Chemo was visiting the caverns and tunnels under Jerusalem on the occasion of Passover. While most visitors were congregating at the Western Wall (Kotel), touring David’s Citadel, or visiting the city’s numerous other attractions, Chemo was truly getting closer to Jerusalem’s unique history.
Few are acquainted with the historical wonders that lie beneath this city. Springs, tunnels, quarries and more that attest not only to its incredible historical record, but also to the biblical narrative. Chemo sought to bring all that to average Israelis, to fan that flame for Jerusalem that rests within every Jewish man, woman and child.
“Anyone who spends enough time in Jerusalem is sure to discover the Divine Presence (shechinah) – He who dwells in the heavenly (upper) Jerusalem,” Chemo opened the segment.
Joining Chemo was researcher Ron Peled, a noted authority on Jerusalem’s history. Peled explained that their first stop was a cavern that, according to legend, “has no end. After 1967, people entering this cave first tied a string at the entrance so as not to lose their way.”
The cavern is today known as Zedekiah’s Cave, or Solomon’s Quarries, a five-acre underground limestone quarry that runs the length of five city blocks under the Muslim Quarter of the Old City of Jerusalem. It was carved out over the course of thousands of years, and served as Jerusalem’s largest quarry for most of its history. It is widely believed this is the very same quarry referred to in I Kings 5:15, 17:
Solomon had seventy thousand carriers and eighty thousand stonecutters in the hills… At the king’s command they removed from the quarry large blocks of quality stone to provide a foundation of dressed stone for the temple.
“One must remember that ancient Jerusalem was one of the largest and most famous cities in the world at the time,” explained Peled. “The stones to build it had to come from somewhere. This is the largest and closest quarry to Jerusalem. And being underground, it was always accessible, regardless of the season or weather conditions.”
Spirits of Jerusalem past
Chemo wondered if local residents, most of them Arabs, knew about what lies under them. Abu al-Abed, a local elder, said he was indeed familiar with the “entire city beneath us,” but was more concerned with what lurks there than with the stones. Many of the residents of Jerusalem’s Old City believe the ghosts of the city’s former residents continue to haunt its subterranean layers. “When the spirits come out, they don’t bother anyone, unless you bother them,” assured al-Abed. “Beneath us there is an entire city and civilization of spirits.”
Returning underground to the Western Wall Tunnel and the Hasmonean Canal below, Chemo didn’t find any ghosts, but did recall feeling an undeniable connection to his past as an Israeli and a Jew.
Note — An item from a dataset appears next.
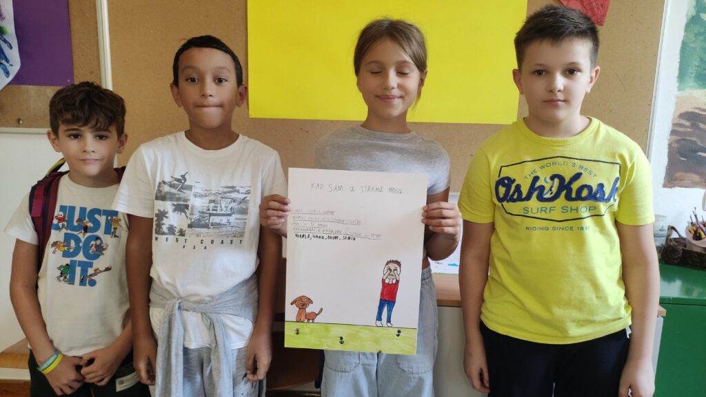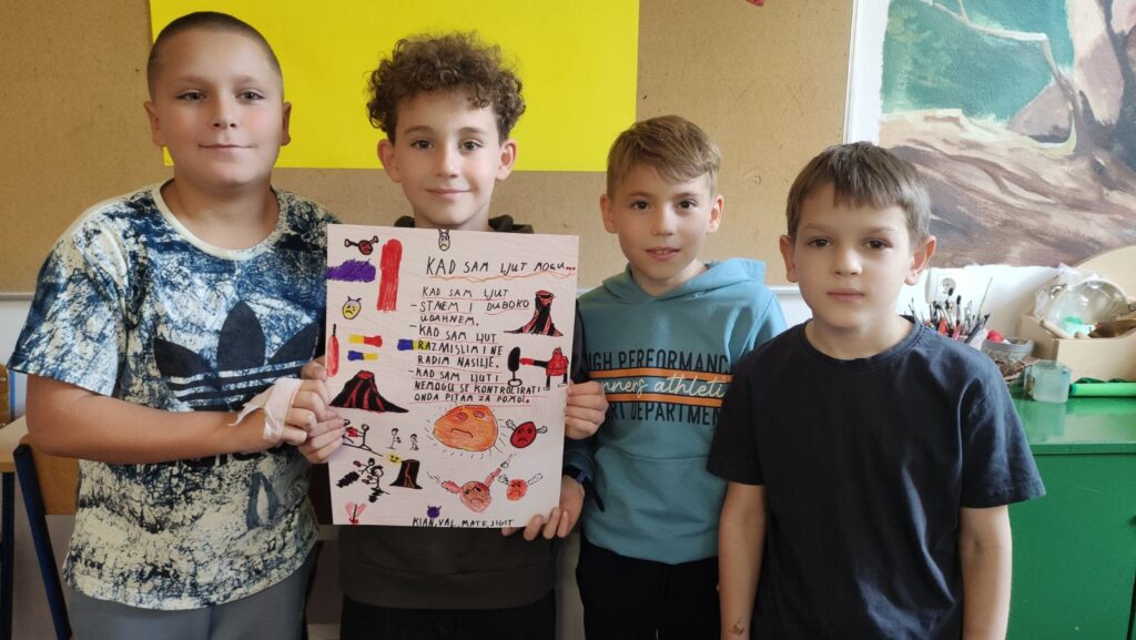 Učenici 3.a razreda su na satovima LK i SR sudjelovali u radionici “Kad sam…mogu…”. Cilj aktivnosti bio je omogućiti djeci da sami promišljaju o načinima kako iskazati emocije na društveno prihvatljiv način. Aktivnosti su uključivale razgovor i izradu plakata. Na satu hrvatskog jezika opisali su prijatelja iz razreda u nastavnoj jedinici Opis lika. Osvijestili su po čemu su slični, a po čemu različiti.

Chemo’s final stop took him to Christ Church near the Jaffa Gate. The entrance to an ancient underground canal there was certainly less “modern,” requiring advanced repelling equipment and great care. But what Chemo found was worth the effort. “It’s like a time tunnel,” he told viewers. “I have to say, from a personal perspective, it is very moving to be here. A canal that was dug 2,000 years ago by Herod to bring water from the area of Bethlehem to the Temple Mount. This place feels frozen in time.”